Pas besoin d’en faire trop. Une phrase suffit : ambiance tendue. Humeur massacrante. Refus de répondre. « Prochaine question. » Puis cette autre réplique : « Il y a-tu des bonnes questions? Posez-moi des bonnes questions. »

Il ne nomme pas directement le clash. Il ne dit pas « c’était moi ». Il reste au « on ». Il garde une distance. Mais tout le monde comprend.

Parce que tout le monde a vu.

Et c’est là que son texte devient une réponse.

Pas une réponse émotive. Une réponse journalistique. Une réponse construite. Il oppose deux réalités. Deux styles. Deux façons de diriger. Deux façons de parler.

D’un côté, un entraîneur qui explique, qui structure, qui connecte.

De l’autre, un entraîneur qui ferme, qui coupe, qui impose.

Sans jamais écrire noir sur blanc que c’est un problème, il le montre.

Et pendant ce temps-là, à l’extérieur de la salle, c’est une toute autre histoire.

Sur les réseaux sociaux, l’opinion publique penche clairement du côté de Martin St-Louis. Les réactions sont brutales. Les journalistes se font ramasser. On les accuse de poser toujours les mêmes questions. D’être redondants. D’essayer de provoquer. D’avoir « rien à dire ».

Certains vont même plus loin : « Quand on n’a rien à dire, on se tait. » D’autres défendent ouvertement St-Louis, en disant qu’ils auraient « pété les plombs bien avant lui ». On banalise la scène. On la justifie. On la normalise.

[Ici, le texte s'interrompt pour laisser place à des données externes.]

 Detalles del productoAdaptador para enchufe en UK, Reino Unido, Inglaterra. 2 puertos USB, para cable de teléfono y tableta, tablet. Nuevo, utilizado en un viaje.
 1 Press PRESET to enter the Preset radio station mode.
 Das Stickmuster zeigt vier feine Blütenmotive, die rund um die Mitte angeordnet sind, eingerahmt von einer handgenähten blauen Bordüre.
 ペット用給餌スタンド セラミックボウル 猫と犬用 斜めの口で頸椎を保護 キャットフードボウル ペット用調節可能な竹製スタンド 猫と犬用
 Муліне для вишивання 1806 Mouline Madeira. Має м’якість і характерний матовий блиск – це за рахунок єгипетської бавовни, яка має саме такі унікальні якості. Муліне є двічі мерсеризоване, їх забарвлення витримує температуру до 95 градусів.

Et c’est là que le décalage devient frappant.

Parce que pendant que le public applaudit le coach pour avoir remis les journalistes à leur place, le principal intéressé, lui, écrit noir sur blanc que l’ambiance est tendue et que le ton est devenu problématique.

Deux réalités.

Deux perceptions.

Et au milieu de tout ça, une question qui dérange : est-ce que Martin St-Louis est en train de gagner la bataille de l’opinion publique… tout en perdant tranquillement celle du respect médiatique?

Parce que oui, les journalistes posent souvent les mêmes questions. Oui, le calendrier est lourd. Oui, les points de presse se ressemblent. Mais ça fait partie du travail. Ça fait partie du contrat. Et surtout, ça ne justifie jamais le mépris.

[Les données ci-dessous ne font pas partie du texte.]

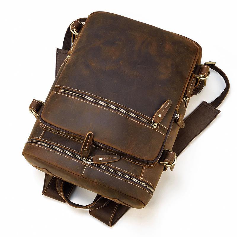 Design: Brown Leather Men's 16 inches Large Computer Backpack Retro Large Travel Backpack Large College Backpack For MenOverview:
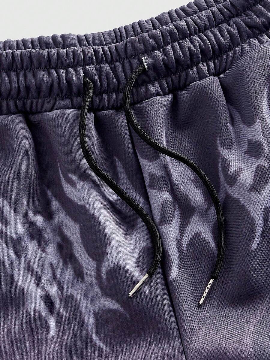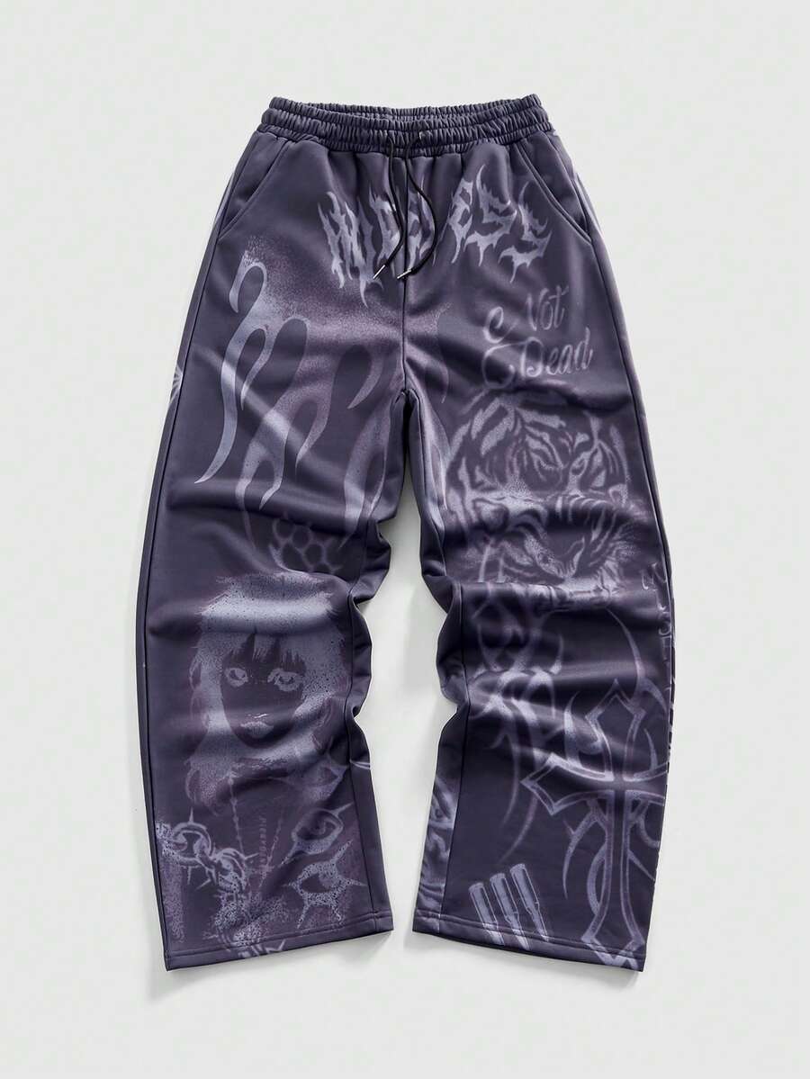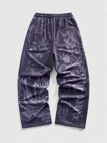 Street Life Pantalon de survêtement ample à jambes larges avec cordon de serrage à la taille, imprimé de lettres flamme de tigre, style mode de rue décontracté pour hommes
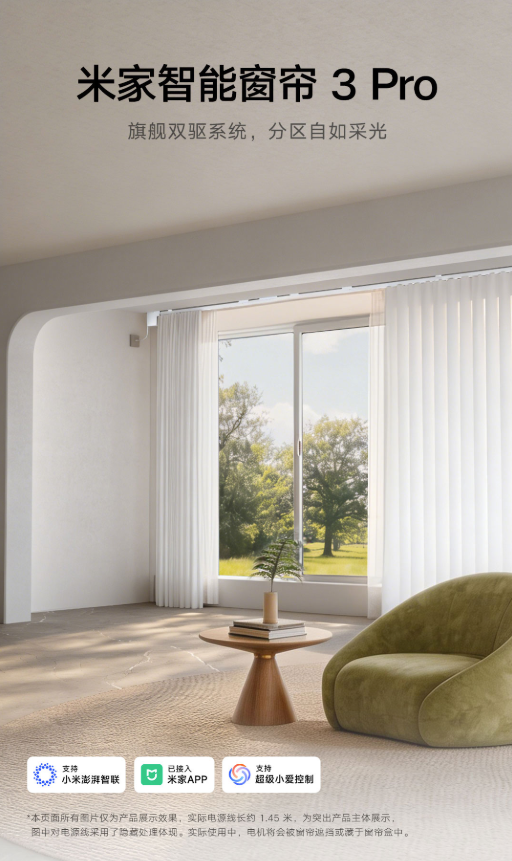 米家智能窗帘3 Pro立足用户核心需求,专门针对精细化采光、家居适配与智能体验痛点推出系统解决方案。左右独立分控、旗舰双驱强劲静音、多种便捷控制、灵活场景适配、纤薄高颜值设计及便捷安装体验,让它成为兼具实用性与性价比的优质选择。作为小米智能家居矩阵的重要成员,该产品凭借差异化核心优势和亲民价格,让更多家庭能够轻松享受便捷、舒适的智能窗帘体验,用细节呵护日常,为居家生活增添更多质感与便捷。
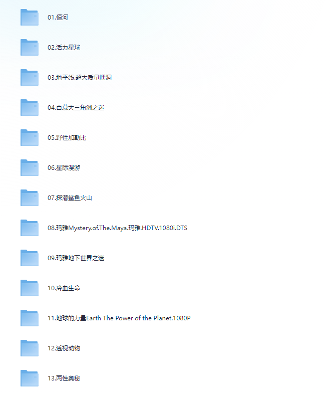 这份海量套装精选100部经典纪录片(总容量555GB,高清视频资源),涵盖自然探索、历史文化、科技发明、动物世界、环境保护等多元主题,如《地球脉动》《人类星球》《蓝色星球》等名作。结合生动画面、深度解说和启发性故事,帮助6-15岁孩子轻松拓展知识面,提升观察力、思考力和人文素养,避免屏幕娱乐低质化,家长温馨陪伴宝贝发现世界奥秘!电子版高清下载,随时观看超震撼。
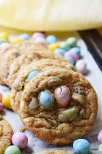 These Mini Egg Cookies are the perfect fun filled Easter cookie. A crispy yet soft and chewy cookie filled with a combination of chocolate chips and candied mini eggs. These cookies are prepared in just about 15 minutes and they bake quickly. Perfect for baking with kids through the Spring.
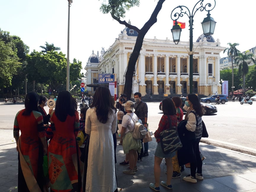 “ทัวร์เที่ยวชมสถาปัตยกรรมฝรั่งเศสในกรุงฮานอย” ใช้เวลาประมาณ 1 ชั่วโมงครึ่งซึ่งนี่ถือเป็นทัวร์แรกที่ให้บริการนักท่องเที่ยวในยุคชีวิตวิถีใหม่ โดยมมัคคุเทศก์คอยบรรยายร่วมกับระบบ audio guide เพื่อแนะนำพิพิธภัณฑ์ประวัติศาสตร์แห่งชาติ โรงละครใหญ่ฮานอยและเขตโบราณสถานบั๊กโบ่ฝู (Bắc Bộ Phủ) หรือ อาคารที่ทำการของทางการปกครองเขตภาคเหนือในช่วงสงครามต่อต้านนักล่าเมืองขึ้นฝรั่งเศส ซึ่งช่วยให้นักท่องเที่ยวมีความเข้าใจมากขึ้นเกี่ยวกับสถาปัตยกรรมและการผสมผสานด้านวัฒนธรรมของเวียดนามและตะวันตกในช่วงต้นศตวรรษที่ 20 นาง เหงวียนถิทูฮวาน รองผู้อำนวยการพิพิธภัณฑ์ประวัติศาสตร์แห่งชาติได้เผยว่า“ทัวร์ท่องเที่ยวนี้ไม่เพียงแต่ช่วยเชื่อมโยงด้านสถาปัตยกรรมเท่านั้น หากยังเชื่อมโยงด้านประวัติศาสตร์ผ่านการเที่ยวชมพิพิธภัณฑ์ประวัติศาสตร์แห่งชาติ โรงละครใหญ่ฮานอย เขตโบราณสถานบั๊กโบ่ฝู ธนาคารชาติและโรงแรม Sofitel อีกด้วย”
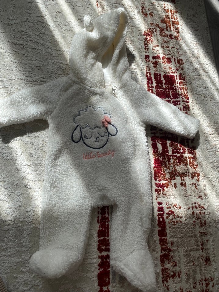 Kapüşonlu ve kürklü detaylara sahip beyaz bebek tulumu, önünde işlenmiş kuzu deseni bulunur. Yumuşak dokusuyla sıcak tutar.
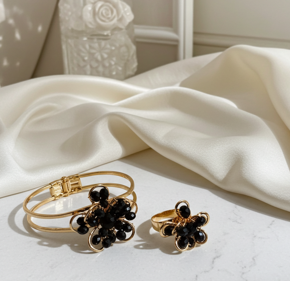 What truly sets the Black Crystal Bracelet and Ring Combo apart is its refined craftsmanship. Each crystal is carefully placed to enhance shine and durability. In addition, the bracelet features a flexible, adjustable band that fits comfortably on most wrists, while the matching ring offers an easy adjustable fit for everyday comfort. As a result, you get jewellery that feels as good as it looks.
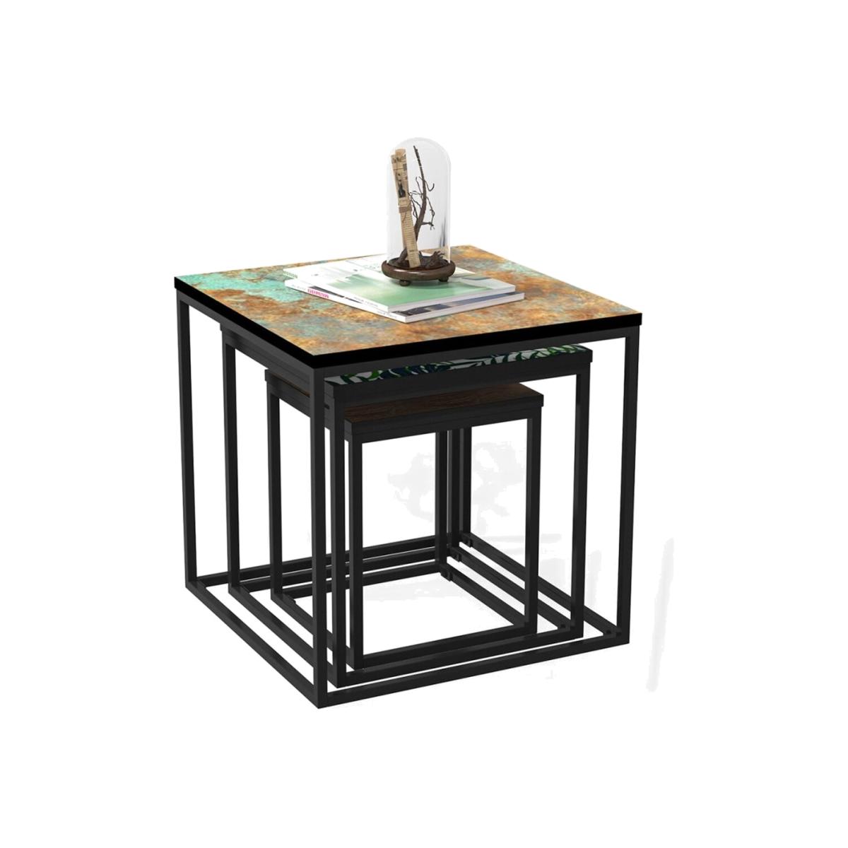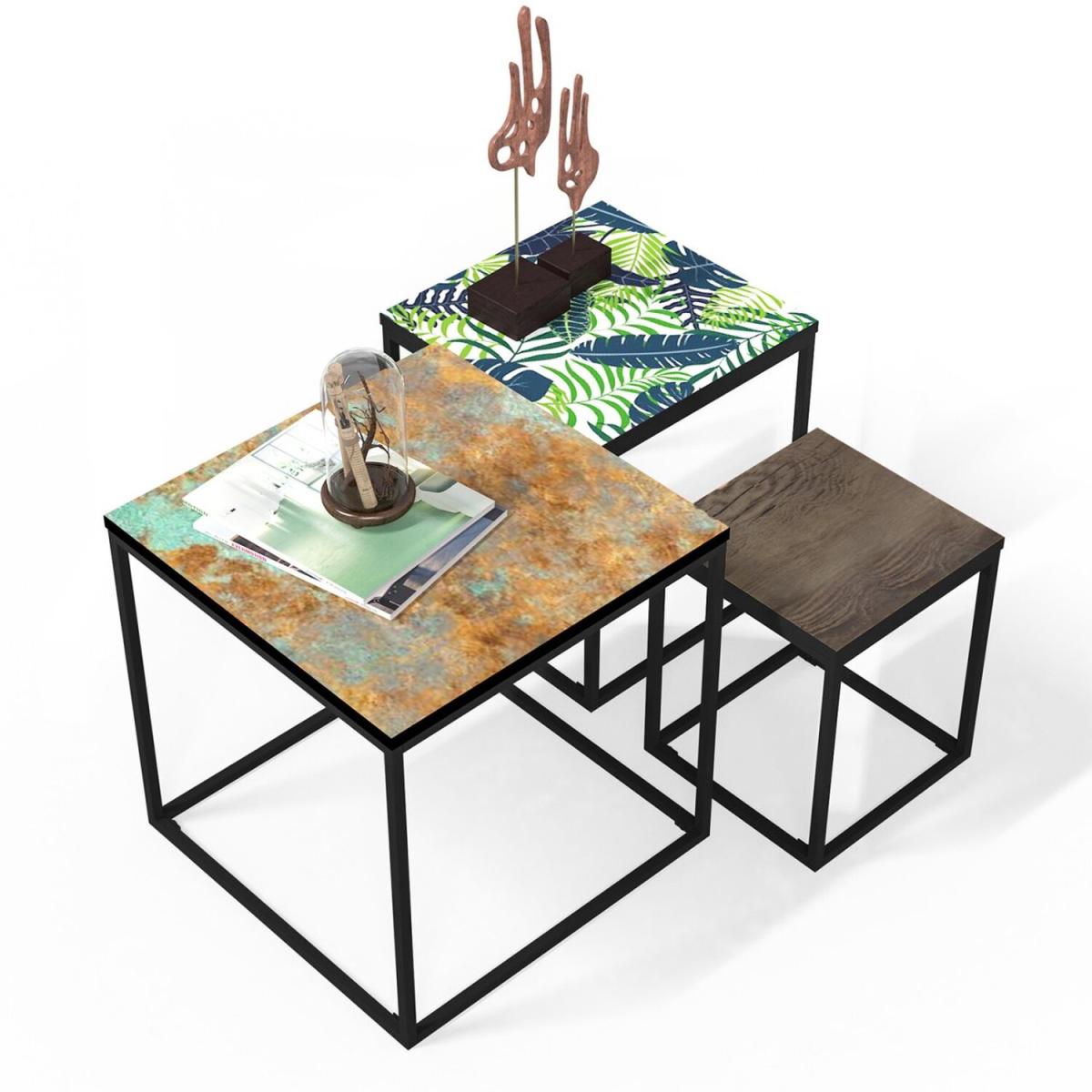 Ruumstore Penna Nesting Table , 50-50-48 cm, 3 Sets of Square Nesting Table, Wood Tops in Different Colours and Black Metal Legs. It has a easy assemble with minimum tools required How about making entrway for creative combinations in your home by using a modern style side table in any area of your home, whether as a coffee table or flower bed? With the Linera Console, Coffee Table, you can create functional options in narrow spaces and add elegance to your home's style with modern lines.

Ce que Lefrançois fait dans son texte, c’est qu’il refuse de tomber dans le piège. Il ne répond pas avec arrogance. Il ne répond pas avec colère. Il répond avec du contenu. Avec un contraste. Avec une démonstration.

Il montre ce que ça peut être, une communication saine.

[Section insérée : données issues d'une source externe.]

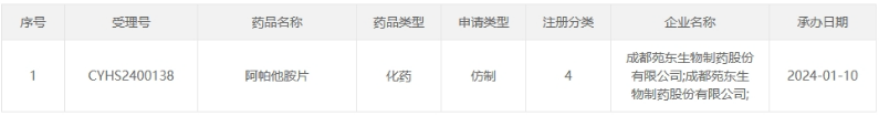 昨日,据CDE官网,成都苑东生物制药递交的4类仿制化药阿帕他胺片(受理号:CYHS2400138)上市申请获受理。目前苑东生物是第三家递交该品种上市申请的企业,目前国内暂无有仿制药获批。
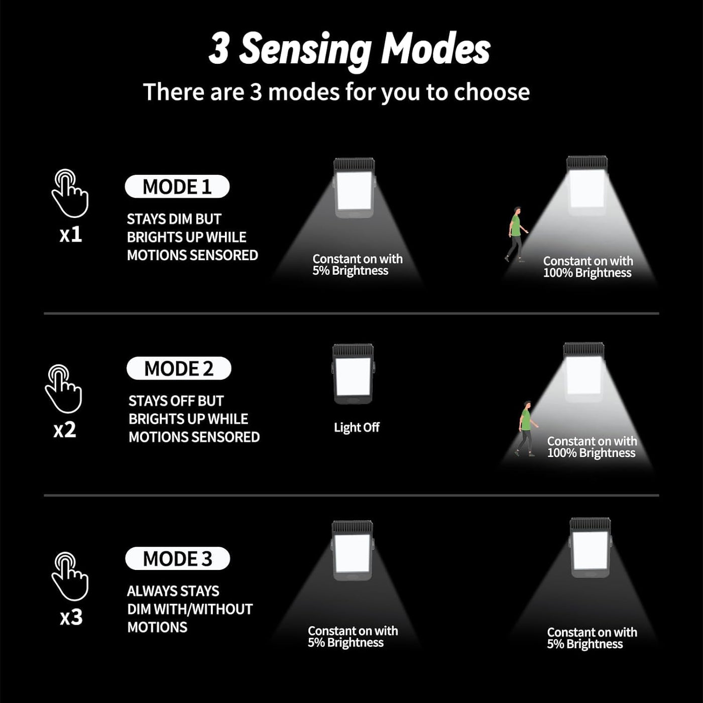 Q: What are the different lighting modes available on these solar lights?A: The Voominhtec solar lights have three smart light modes: 1. Dim mode that brightens when motion is detected, 2. Off mode that lights up on motion detection, and 3. Constantly on dim mode, allowing you to choose the best setting for your needs.
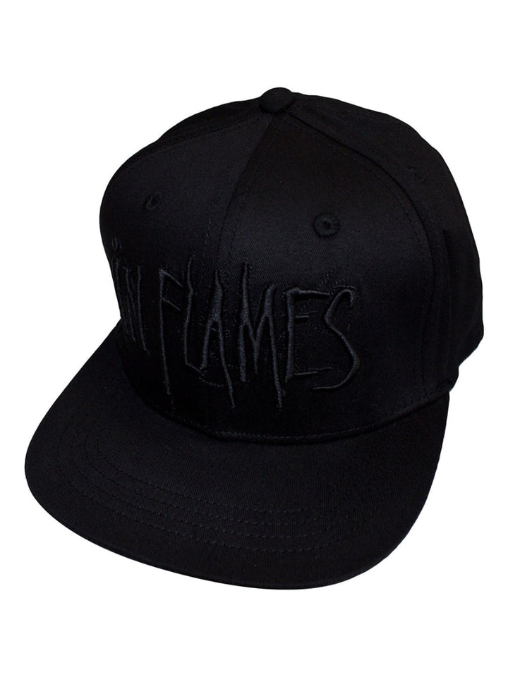 Official licensed unisex cotton Snapback Cap featuring the In Flames Black Logo design. High quality Snap Back style cap with hi-build embroidery to front & back.

Et il laisse le lecteur faire le lien.

C’est ça, la force de sa réplique.

Et c’est peut-être ça qui dérange le plus.

Parce qu’au final, pendant que les réseaux sociaux crient victoire pour Martin St-Louis, le texte de Guillaume Lefrançois, lui, reste. Il s’installe. Il circule. Et il pose une réalité beaucoup plus difficile à balayer du revers de la main : il y a quelque chose qui ne tourne pas rond dans la façon dont le dialogue se fait actuellement à Montréal.

Et ce n’est pas en ridiculisant les questions qu’on va régler ça.